Similarly, btrfs_end_transaction() can end up in some cases calling
btrfs_commit_transaction(), and both did a list splice of the transaction
handle's "ordered" list into the transaction's "pending_ordered" without
re-initializing the handle's "ordered" list, resulting in exactly the
same problem.
This produces the following warning on a kernel with linked list
debugging enabled:
[109749.265416] ------------[ cut here ]------------
[109749.266410] WARNING: CPU: 7 PID: 324 at lib/list_debug.c:59 __list_del_entry+0x5a/0x98()
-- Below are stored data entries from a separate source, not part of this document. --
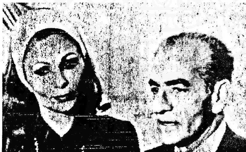
อดีตพระเจ้าชาห์โมฮัมเหม็ด เรซา และชายา
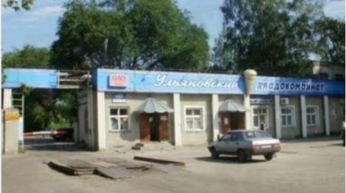
Фото с сайта https://73online.ru/
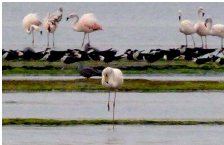
Figura 2. Individuo adulto de P. jamesi en Playa La Aguada, RNP - Julio 2012. Se aprecia el característico pico triangular con el primer tercio del pico de color negro, tarsos de color rojo. Al fondo, individuos de Phoenicopterus chilensis .

La playa La Aguada es una zona comprendida desde la orilla de mar hasta la carretera al Puerto San Martín; limita al Este con la zona de recuperación de Santo Domingo y al Oeste con la zona de protección estricta de la Bahía de Paracas. Está considerada como Zona Silvestre, es decir es un área que ha sufrido poca o nula intervención humana, en la que predomina el carácter silvestre, es posible realizar actividades de investigación científica, educación y
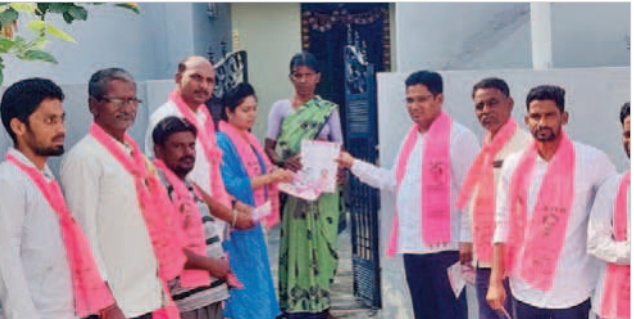
మక్తల్ పట్టణంలో ప్రచారం చేస్తున్న బీఆర్ఎస్ నాయకులు
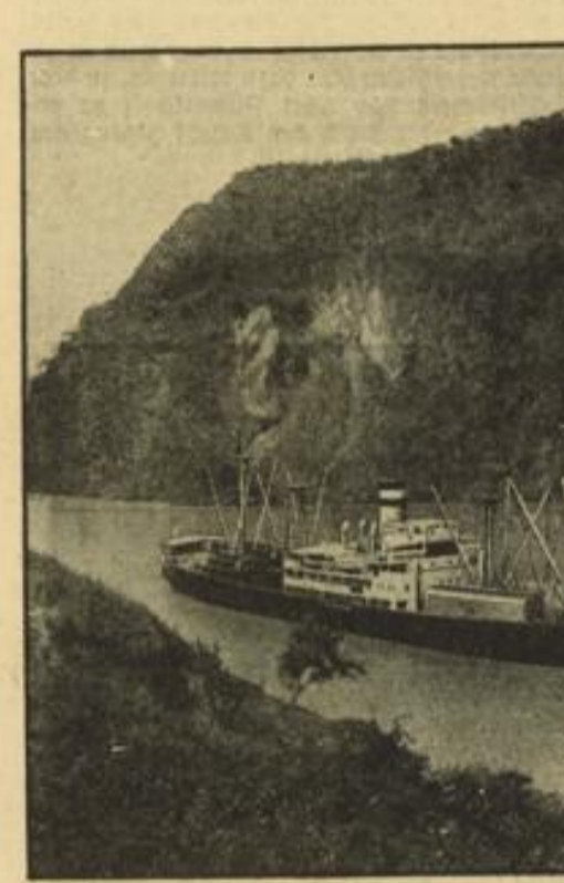
Mit deutscher Ware reich beladen. Das Hapag-Motorschiff „Hermionthia“ passiert auf der Fahrt zur Westküste Amerikas den Panamakanal...
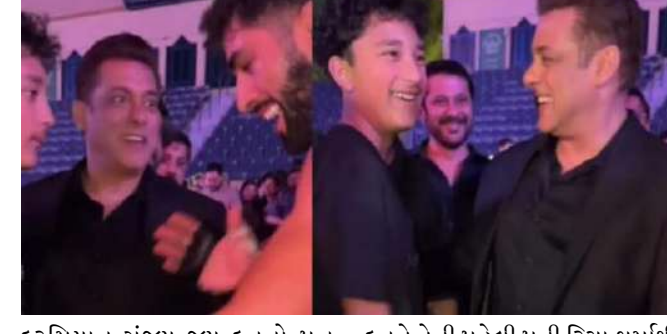
દરમિયાન સંજય જય દત્તનો પુત્ર શહરાન પણ સલમાન સાથે જોવા મળ્યો હતો. જણાવી દઈએ કે શહરાન સંજય દત્તનો અને તેની ત્રીજી પત્ની માન્યતા દત્તનો પુત્ર છે અને તેની હવે દુબઈથી પરત કર્યા બાદ મુંબઈ એરપોર્ટ પરથી સલમાન ખાનનો એક વીડિયો વાયરલ થઈ રહ્યો છે. તેઓ સોશિયલ મીડિયા પર વાયરલ થઈ રહ્યો છે. હવે દુબઈથી પરત કર્યા બાદ મુંબઈ એરપોર્ટ પરથી સલમાન ખાનનો એક વીડિયો વાયરલ થઈ રહ્યો છે. જેમાં સલમાન ખાન સાથે સુરક્ષાકર્મીઓનો કાફલો પણ જોવા મળ્યો હતો. દુબઈમાં એક કાર્યક્રમમાં હાજરી આપ્યા બાદ આજે સવારે કેમેરામાં સલમાન ખાનની ઝલક રેકોર્ડ કરી હતી, જેનો વીડિયો હવે ઈન્ટરનેટ પર વાયરલ થઈ રહ્યો છે. સલમાન ખાનના વર્ક ફ્રન્ટ વિશે વાત કરીએ તો, અભિનેતા છેલ્લે ફિલ્મ 'ટાઈગર ૩' માં સિલ્વર સ્ક્રીન પર જોવા મળ્યો હતો. 'ટાઈગર ૩' બાદ હવે સલમાન ખાન 'સિકંદર'માં જોવા મળશે. જેની અભિનેતાએ ઈદના અવસર પર ચાહકો માટે જાહેરાત કરી હતી.

દુબઈ, બોલિવૂડ સુપરસ્ટાર સલમાન ખાન વિશેની ચર્ચાઓ એવી છે ક્યારેય સમાપ્ત થતી નથી. છેલ્લા કેટલાક દિવસોથી સલમાન ખાન પોતાની સુરક્ષાને લઈને ચર્ચામાં છે. જાનથી મારી નાખવાની ધમકીઓ અને તેના ઘર ગેલેક્સીની બહાર ફાયરિંગની ઘટના પછી, ભાઈજાનની સુરક્ષા હેડલાઈન્સનો ભાગ બની ગઈ છે. એવામાં હવે હાલ દુબઈથી સલમાન ખાનનો એક વીડિયો વાયરલ થઈ રહ્યો છે. તાજેતરમાં તેઓ એક શોનો ભાગ બનવા માટે દુબઈ ગયા હતા અને તેઓ ભારત અને પાકિસ્તાન કરાટે મેચ જોવા ગયા હતા. આ દરમિયાન સંજય જય દત્તનો પુત્ર શહરાન પણ સલમાન સાથે જોવા મળ્યો હતો. જણાવી દઈએ કે શહરાન સંજય દત્તનો અને તેની ત્રીજી પત્ની માન્યતા દત્તનો પુત્ર છે અને તેની હવે દુબઈથી પરત કર્યા બાદ મુંબઈ એરપોર્ટ પરથી સલમાન
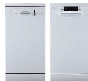
- Посудомоечные машины
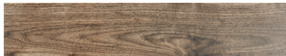
P.E. BAYARD VIEJO
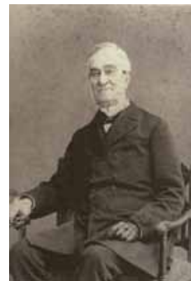
Links, van boven naar beneden:

Een belangrijke sleutel in het succes van de internationale verspreiding van de
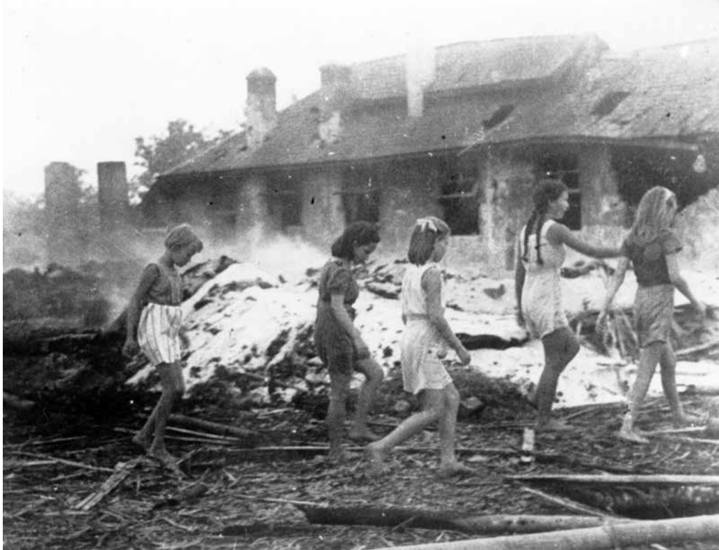
De brandbommen overleefd

In het volgende hongerkamp TanTui op Ambon werd de Japanse bommenopslag in het kamp gebombardeerd. Moeder rende met haar twee kindjes de zee in, zo diep dat ze bijna verdronk, terwijl de bomscherven het zeewater deden schuimen en bloed de zee kleurde. Op Celebes, in de keukenploeg van het slavenkamp Kampili, krabde ze de aangekoekte restjes van de kookketels om
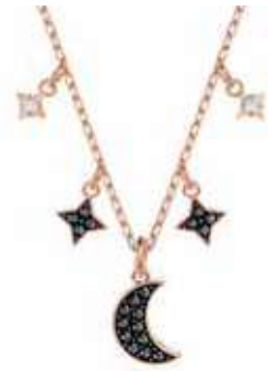
DUO MOON NECKLACE cod. SW5429737 - € 85.00

Una collezione di gioielli non sarebbe completa senza gli orecchini stud dal classico taglio Princess. Impreziosito da Clear Crystal e placcato rodio, questo meraviglioso paio di orecchini vanta un'eleganza naturale. Un ricordo senza tempo, che evoca un'estetica unisex ultra moderna. Non ti stancherai mai di indossarli.
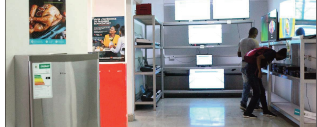
Entana samy hafa hita amin'ny Tranombarotra Baolai.

tra ny stock izay misy. Ary ny entana rehetra ato aminay dia 1er choix avokoa, izay natao hatrany mifanaraka amin'ny filana sy fahefa-mividin'ny besinimaro », hoy ny tompon'andraikitra. Marika avo lenta daholo no hita ao amin'ity Tranombarotra lehibe iray ity raha resaka fahitalavitra fisaka. Anisan'izany ny « Hisense », mpanohana ofisialy ny mondial 2022. Ny eto Madagasikara dia ny Tranombarotra « Baolai » no « Représentant officiel » an'ity marika ity efa ho 12 taona lasa izao. Mbola misy koa ny synthetiseur fer à lisser ( volo ), cuisinière à gaz sy électrique - amplibaffle sy subwoofer rechargeable- four micro

[109749.267969] list_del corruption. prev->next should be
ffff8800ba087e20, but was
fffffff8c1f7c35d
(...)
[109749.287505] Call Trace:
[109749.288135] [<
ffffffff8145f077>] dump_stack+0x4f/0x7b
[109749.298080] [<
ffffffff81095de5>] ? console_unlock+0x356/0x3a2
[109749.331605] [<
ffffffff8104b3b0>] warn_slowpath_common+0xa1/0xbb
[109749.334849] [<
ffffffff81260642>] ? __list_del_entry+0x5a/0x98
[109749.337093] [<
ffffffff8104b410>] warn_slowpath_fmt+0x46/0x48
[109749.337847] [<
ffffffff81260642>] __list_del_entry+0x5a/0x98
[109749.338678] [<
ffffffffa053e8bf>] btrfs_wait_pending_ordered+0x46/0xdb [btrfs]
[109749.340145] [<
ffffffffa058a65f>] ? __btrfs_run_delayed_items+0x149/0x163 [btrfs]
[109749.348313] [<
ffffffffa054077d>] btrfs_commit_transaction+0x36b/0xa10 [btrfs]
[109749.349745] [<
ffffffff81087310>] ? trace_hardirqs_on+0xd/0xf
[109749.350819] [<
ffffffffa055370d>] btrfs_sync_file+0x36f/0x3fc [btrfs]
[109749.351976] [<
ffffffff8118ec98>] vfs_fsync_range+0x8f/0x9e
[109749.360341] [<
ffffffff8118ecc3>] vfs_fsync+0x1c/0x1e
[109749.368828] [<
ffffffff8118ee1d>] do_fsync+0x34/0x4e
[109749.369790] [<
ffffffff8118f045>] SyS_fsync+0x10/0x14
[109749.370925] [<
ffffffff81465197>] system_call_fastpath+0x12/0x6f
[109749.382274] ---[ end trace
48e0d07f7c03d95a ]---
On a non-debug kernel this leads to invalid memory accesses, causing a
crash. Fix this by using list_splice_init() instead of list_splice() in
btrfs_commit_transaction() and btrfs_end_transaction().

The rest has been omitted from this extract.